(Items from a data source)
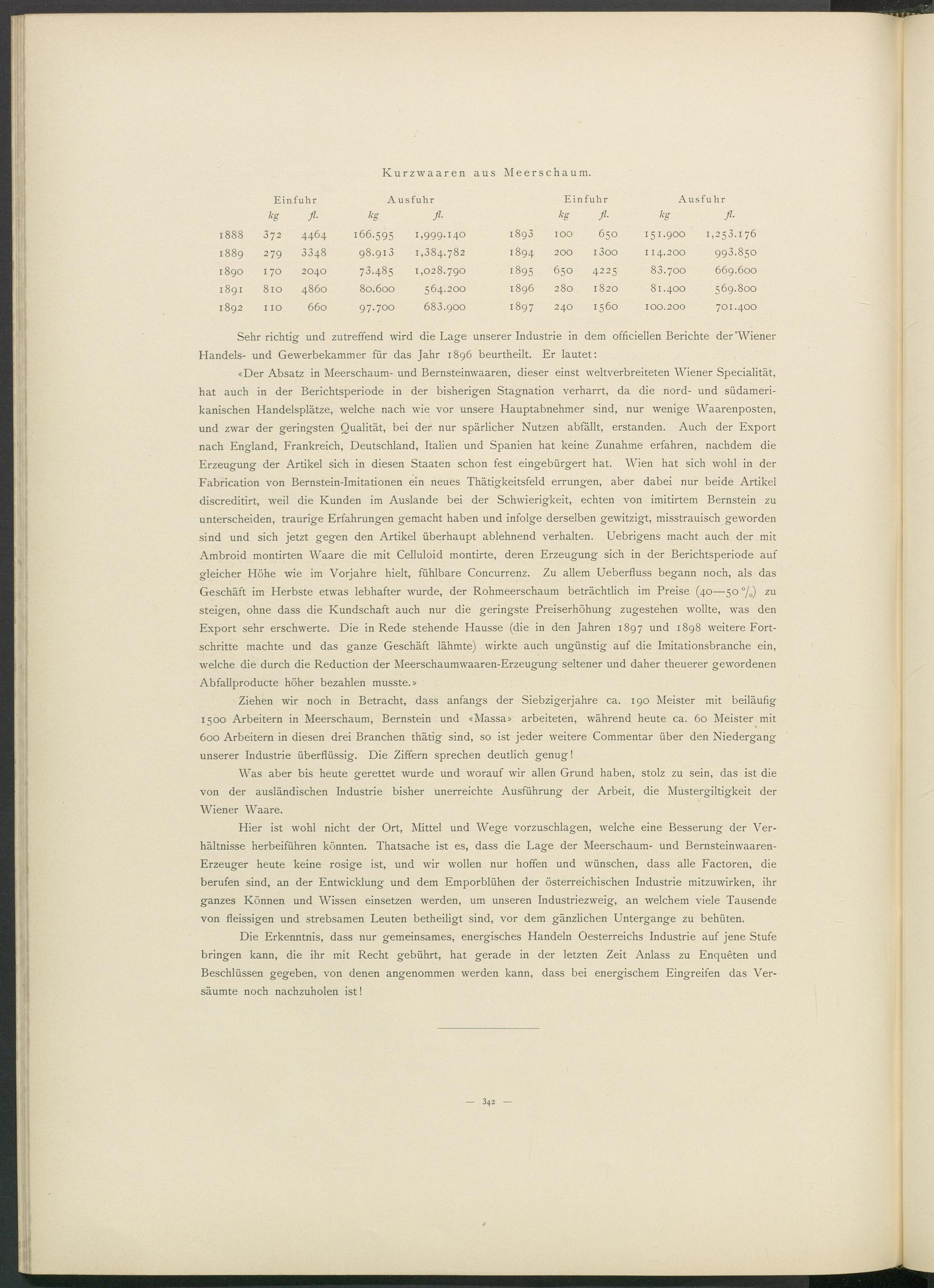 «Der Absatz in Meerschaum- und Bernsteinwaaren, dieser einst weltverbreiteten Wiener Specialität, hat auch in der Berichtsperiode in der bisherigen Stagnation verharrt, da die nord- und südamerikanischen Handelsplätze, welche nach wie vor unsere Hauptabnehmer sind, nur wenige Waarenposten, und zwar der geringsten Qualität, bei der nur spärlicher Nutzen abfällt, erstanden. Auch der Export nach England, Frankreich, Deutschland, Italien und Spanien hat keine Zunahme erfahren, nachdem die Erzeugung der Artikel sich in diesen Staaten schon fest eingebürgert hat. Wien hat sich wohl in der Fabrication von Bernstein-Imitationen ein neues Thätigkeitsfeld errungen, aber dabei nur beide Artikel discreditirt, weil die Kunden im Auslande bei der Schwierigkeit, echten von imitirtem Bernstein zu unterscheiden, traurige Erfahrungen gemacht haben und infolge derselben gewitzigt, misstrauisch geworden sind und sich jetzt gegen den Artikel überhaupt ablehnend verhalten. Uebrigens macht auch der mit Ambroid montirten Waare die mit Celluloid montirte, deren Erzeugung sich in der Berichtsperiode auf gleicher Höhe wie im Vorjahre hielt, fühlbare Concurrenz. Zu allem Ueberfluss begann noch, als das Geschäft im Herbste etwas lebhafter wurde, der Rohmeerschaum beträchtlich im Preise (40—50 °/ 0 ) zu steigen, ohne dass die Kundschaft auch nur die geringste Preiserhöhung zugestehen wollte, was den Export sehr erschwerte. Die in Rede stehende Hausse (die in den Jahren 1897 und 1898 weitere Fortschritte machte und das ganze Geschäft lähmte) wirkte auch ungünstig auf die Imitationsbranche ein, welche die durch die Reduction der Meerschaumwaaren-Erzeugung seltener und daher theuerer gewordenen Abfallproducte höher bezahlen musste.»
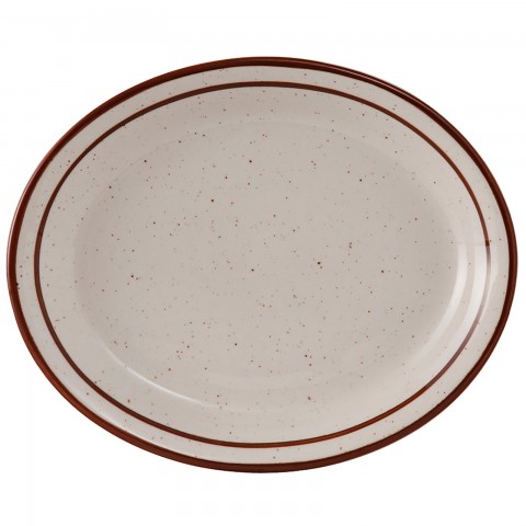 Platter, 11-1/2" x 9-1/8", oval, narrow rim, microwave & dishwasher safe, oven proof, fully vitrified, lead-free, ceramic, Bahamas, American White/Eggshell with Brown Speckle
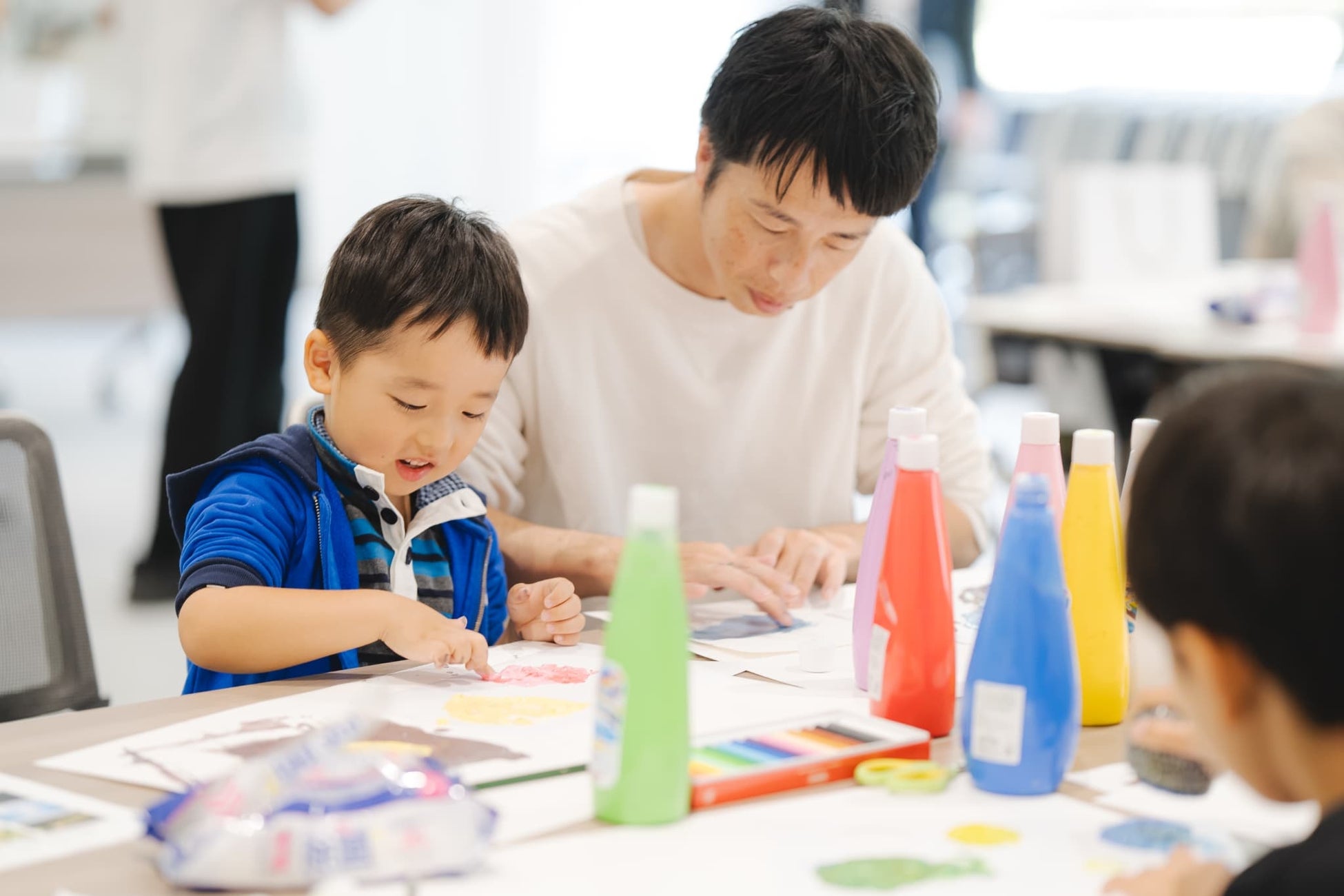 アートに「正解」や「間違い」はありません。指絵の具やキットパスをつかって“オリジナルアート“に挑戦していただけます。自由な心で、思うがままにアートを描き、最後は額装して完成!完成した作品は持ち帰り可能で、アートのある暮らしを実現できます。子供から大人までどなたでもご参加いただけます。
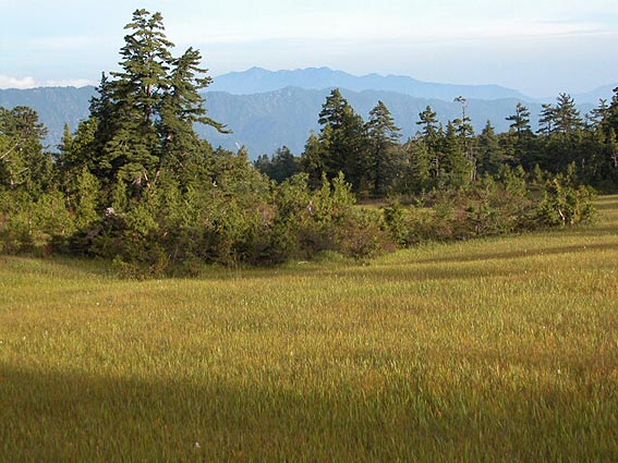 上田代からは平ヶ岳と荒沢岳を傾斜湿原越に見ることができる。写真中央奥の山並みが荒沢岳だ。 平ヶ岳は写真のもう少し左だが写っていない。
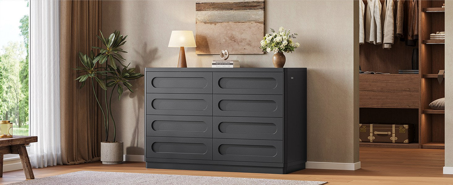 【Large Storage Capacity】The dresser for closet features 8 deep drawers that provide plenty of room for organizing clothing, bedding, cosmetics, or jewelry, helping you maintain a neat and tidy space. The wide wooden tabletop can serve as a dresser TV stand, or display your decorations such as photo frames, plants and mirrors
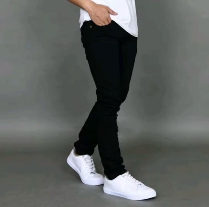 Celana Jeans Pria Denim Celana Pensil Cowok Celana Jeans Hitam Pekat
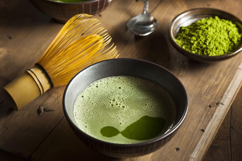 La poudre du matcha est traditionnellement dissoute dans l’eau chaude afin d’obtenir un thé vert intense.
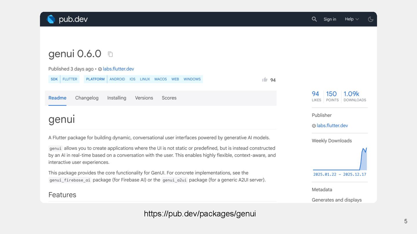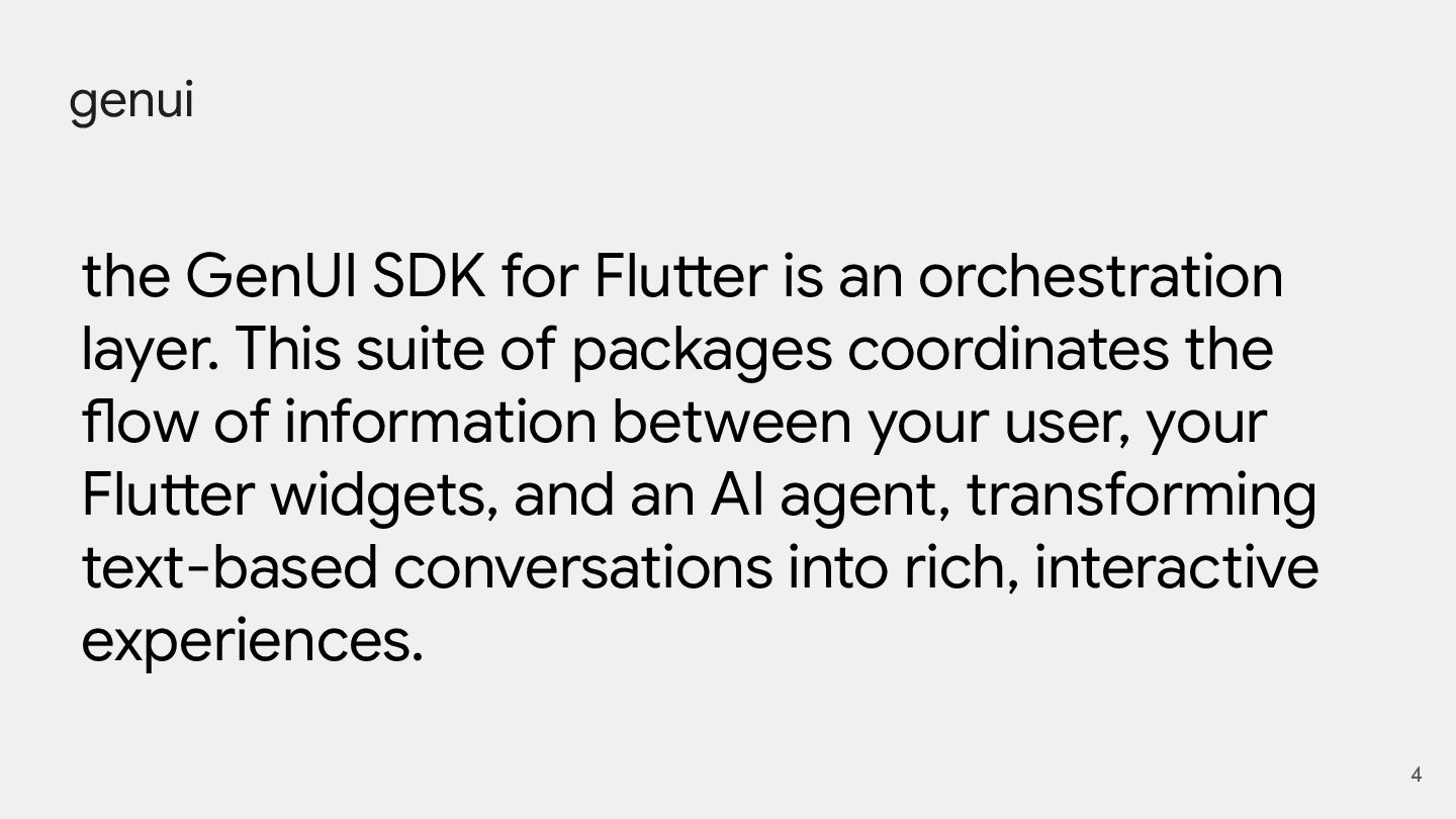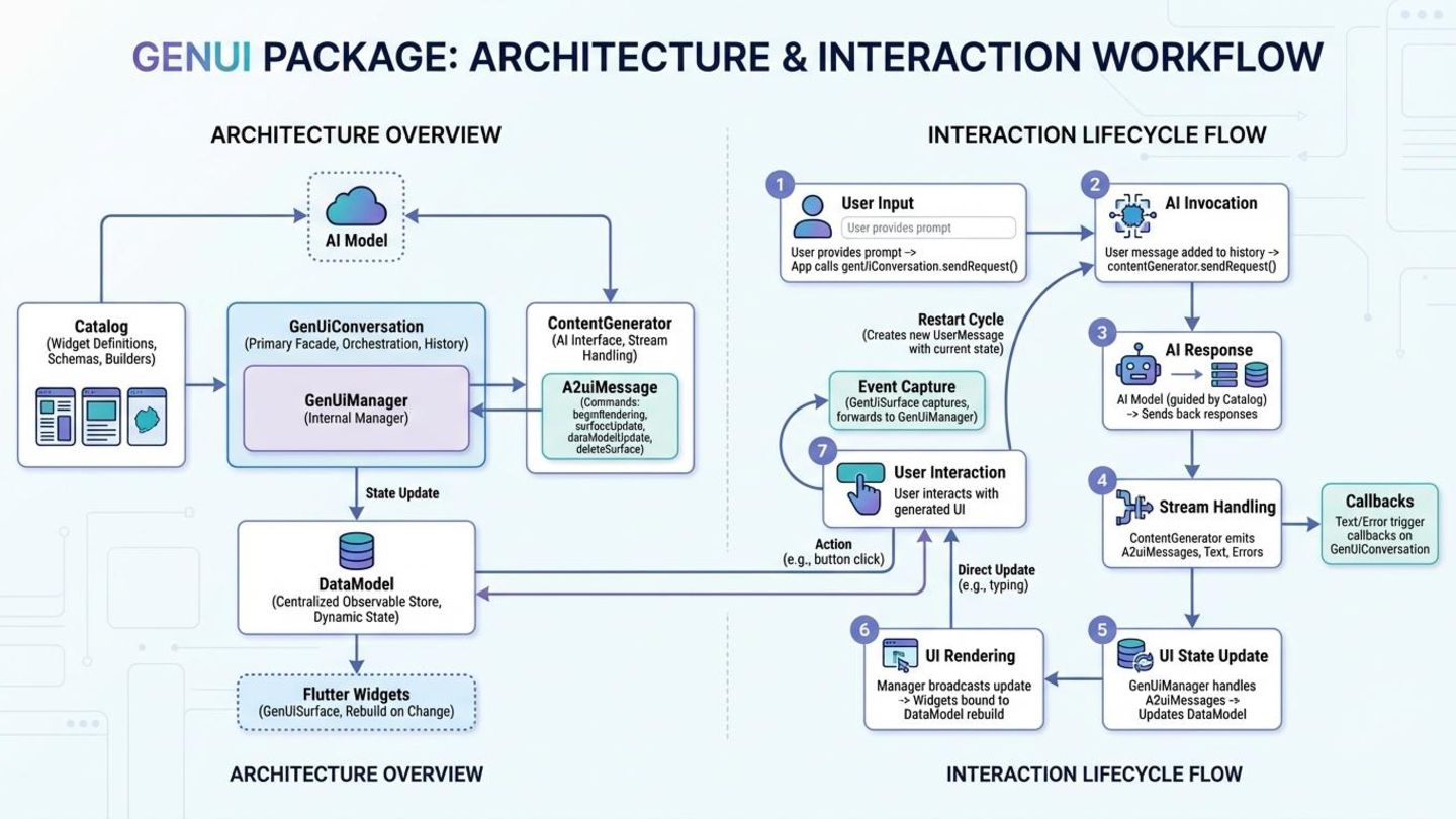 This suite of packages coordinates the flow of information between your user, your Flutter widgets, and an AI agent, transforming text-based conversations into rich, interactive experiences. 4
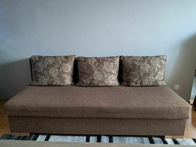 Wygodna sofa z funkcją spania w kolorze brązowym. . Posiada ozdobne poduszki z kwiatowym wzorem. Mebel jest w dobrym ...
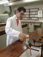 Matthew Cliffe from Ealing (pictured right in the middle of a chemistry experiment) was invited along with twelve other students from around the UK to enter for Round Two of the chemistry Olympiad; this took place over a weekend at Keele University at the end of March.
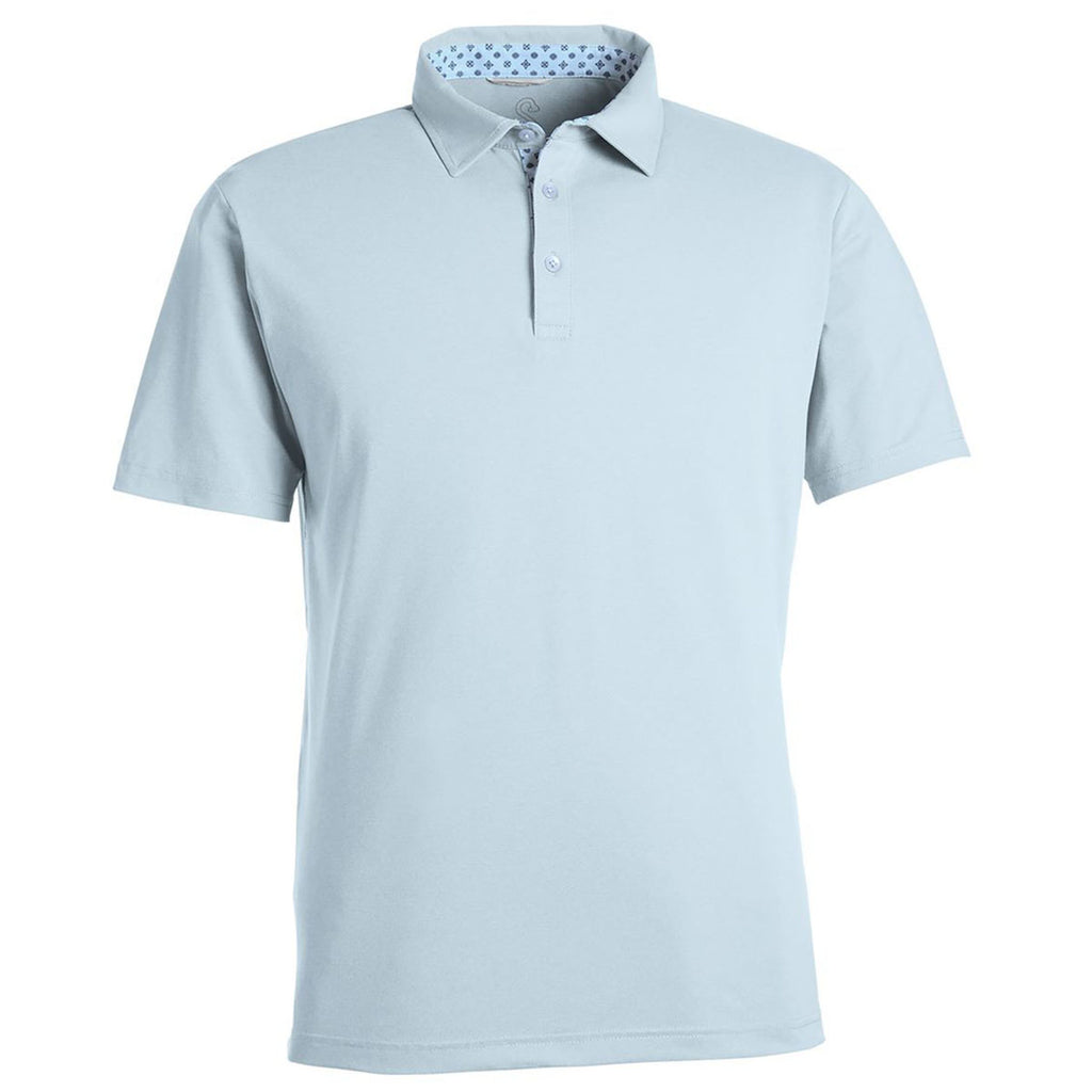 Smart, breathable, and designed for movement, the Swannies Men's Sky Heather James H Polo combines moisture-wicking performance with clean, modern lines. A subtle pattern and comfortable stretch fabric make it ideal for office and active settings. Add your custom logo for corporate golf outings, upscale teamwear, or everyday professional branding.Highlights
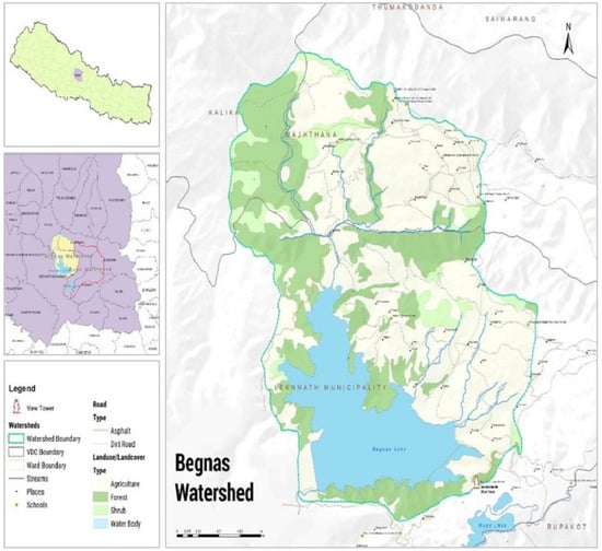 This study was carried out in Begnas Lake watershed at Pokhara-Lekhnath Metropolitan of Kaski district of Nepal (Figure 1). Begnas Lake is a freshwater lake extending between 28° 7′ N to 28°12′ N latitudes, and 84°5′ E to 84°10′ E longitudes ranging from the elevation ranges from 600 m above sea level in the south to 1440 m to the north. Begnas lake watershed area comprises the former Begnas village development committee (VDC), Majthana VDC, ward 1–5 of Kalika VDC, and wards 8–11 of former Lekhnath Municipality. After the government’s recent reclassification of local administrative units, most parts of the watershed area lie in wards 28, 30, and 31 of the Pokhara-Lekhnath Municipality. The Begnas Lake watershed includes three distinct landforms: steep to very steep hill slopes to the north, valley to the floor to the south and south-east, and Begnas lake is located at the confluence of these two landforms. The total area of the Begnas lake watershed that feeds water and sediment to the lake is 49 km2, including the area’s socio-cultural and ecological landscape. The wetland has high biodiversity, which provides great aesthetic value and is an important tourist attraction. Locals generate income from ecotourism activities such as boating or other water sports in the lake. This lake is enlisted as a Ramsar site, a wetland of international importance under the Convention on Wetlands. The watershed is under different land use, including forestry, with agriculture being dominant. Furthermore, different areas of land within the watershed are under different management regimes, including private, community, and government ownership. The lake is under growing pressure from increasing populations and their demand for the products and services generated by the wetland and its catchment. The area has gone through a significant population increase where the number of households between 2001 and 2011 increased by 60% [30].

### [WORK INSTRUCTIONS]
The records must be restated word for word, apart from any images.

### [RESULT OF THIS TASK]
 «Der Absatz in Meerschaum- und Bernsteinwaaren, dieser einst weltverbreiteten Wiener Specialität, hat auch in der Berichtsperiode in der bisherigen Stagnation verharrt, da die nord- und südamerikanischen Handelsplätze, welche nach wie vor unsere Hauptabnehmer sind, nur wenige Waarenposten, und zwar der geringsten Qualität, bei der nur spärlicher Nutzen abfällt, erstanden. Auch der Export nach England, Frankreich, Deutschland, Italien und Spanien hat keine Zunahme erfahren, nachdem die Erzeugung der Artikel sich in diesen Staaten schon fest eingebürgert hat. Wien hat sich wohl in der Fabrication von Bernstein-Imitationen ein neues Thätigkeitsfeld errungen, aber dabei nur beide Artikel discreditirt, weil die Kunden im Auslande bei der Schwierigkeit, echten von imitirtem Bernstein zu unterscheiden, traurige Erfahrungen gemacht haben und infolge derselben gewitzigt, misstrauisch geworden sind und sich jetzt gegen den Artikel überhaupt ablehnend verhalten. Uebrigens macht auch der mit Ambroid montirten Waare die mit Celluloid montirte, deren Erzeugung sich in der Berichtsperiode auf gleicher Höhe wie im Vorjahre hielt, fühlbare Concurrenz. Zu allem Ueberfluss begann noch, als das Geschäft im Herbste etwas lebhafter wurde, der Rohmeerschaum beträchtlich im Preise (40—50 °/ 0 ) zu steigen, ohne dass die Kundschaft auch nur die geringste Preiserhöhung zugestehen wollte, was den Export sehr erschwerte. Die in Rede stehende Hausse (die in den Jahren 1897 und 1898 weitere Fortschritte machte und das ganze Geschäft lähmte) wirkte auch ungünstig auf die Imitationsbranche ein, welche die durch die Reduction der Meerschaumwaaren-Erzeugung seltener und daher theuerer gewordenen Abfallproducte höher bezahlen musste.»
 Platter, 11-1/2" x 9-1/8", oval, narrow rim, microwave & dishwasher safe, oven proof, fully vitrified, lead-free, ceramic, Bahamas, American White/Eggshell with Brown Speckle
 アートに「正解」や「間違い」はありません。指絵の具やキットパスをつかって“オリジナルアート“に挑戦していただけます。自由な心で、思うがままにアートを描き、最後は額装して完成!完成した作品は持ち帰り可能で、アートのある暮らしを実現できます。子供から大人までどなたでもご参加いただけます。
 上田代からは平ヶ岳と荒沢岳を傾斜湿原越に見ることができる。写真中央奥の山並みが荒沢岳だ。 平ヶ岳は写真のもう少し左だが写っていない。
 【Large Storage Capacity】The dresser for closet features 8 deep drawers that provide plenty of room for organizing clothing, bedding, cosmetics, or jewelry, helping you maintain a neat and tidy space. The wide wooden tabletop can serve as a dresser TV stand, or display your decorations such as photo frames, plants and mirrors
 Celana Jeans Pria Denim Celana Pensil Cowok Celana Jeans Hitam Pekat
 La poudre du matcha est traditionnellement dissoute dans l’eau chaude afin d’obtenir un thé vert intense.
 This suite of packages coordinates the flow of information between your user, your Flutter widgets, and an AI agent, transforming text-based conversations into rich, interactive experiences. 4
 Wygodna sofa z funkcją spania w kolorze brązowym. . Posiada ozdobne poduszki z kwiatowym wzorem. Mebel jest w dobrym ...
 Matthew Cliffe from Ealing (pictured right in the middle of a chemistry experiment) was invited along with twelve other students from around the UK to enter for Round Two of the chemistry Olympiad; this took place over a weekend at Keele University at the end of March.
 Smart, breathable, and designed for movement, the Swannies Men's Sky Heather James H Polo combines moisture-wicking performance with clean, modern lines. A subtle pattern and comfortable stretch fabric make it ideal for office and active settings. Add your custom logo for corporate golf outings, upscale teamwear, or everyday professional branding.Highlights
 This study was carried out in Begnas Lake watershed at Pokhara-Lekhnath Metropolitan of Kaski district of Nepal (Figure 1). Begnas Lake is a freshwater lake extending between 28° 7′ N to 28°12′ N latitudes, and 84°5′ E to 84°10′ E longitudes ranging from the elevation ranges from 600 m above sea level in the south to 1440 m to the north. Begnas lake watershed area comprises the former Begnas village development committee (VDC), Majthana VDC, ward 1–5 of Kalika VDC, and wards 8–11 of former Lekhnath Municipality. After the government’s recent reclassification of local administrative units, most parts of the watershed area lie in wards 28, 30, and 31 of the Pokhara-Lekhnath Municipality. The Begnas Lake watershed includes three distinct landforms: steep to very steep hill slopes to the north, valley to the floor to the south and south-east, and Begnas lake is located at the confluence of these two landforms. The total area of the Begnas lake watershed that feeds water and sediment to the lake is 49 km2, including the area’s socio-cultural and ecological landscape. The wetland has high biodiversity, which provides great aesthetic value and is an important tourist attraction. Locals generate income from ecotourism activities such as boating or other water sports in the lake. This lake is enlisted as a Ramsar site, a wetland of international importance under the Convention on Wetlands. The watershed is under different land use, including forestry, with agriculture being dominant. Furthermore, different areas of land within the watershed are under different management regimes, including private, community, and government ownership. The lake is under growing pressure from increasing populations and their demand for the products and services generated by the wetland and its catchment. The area has gone through a significant population increase where the number of households between 2001 and 2011 increased by 60% [30].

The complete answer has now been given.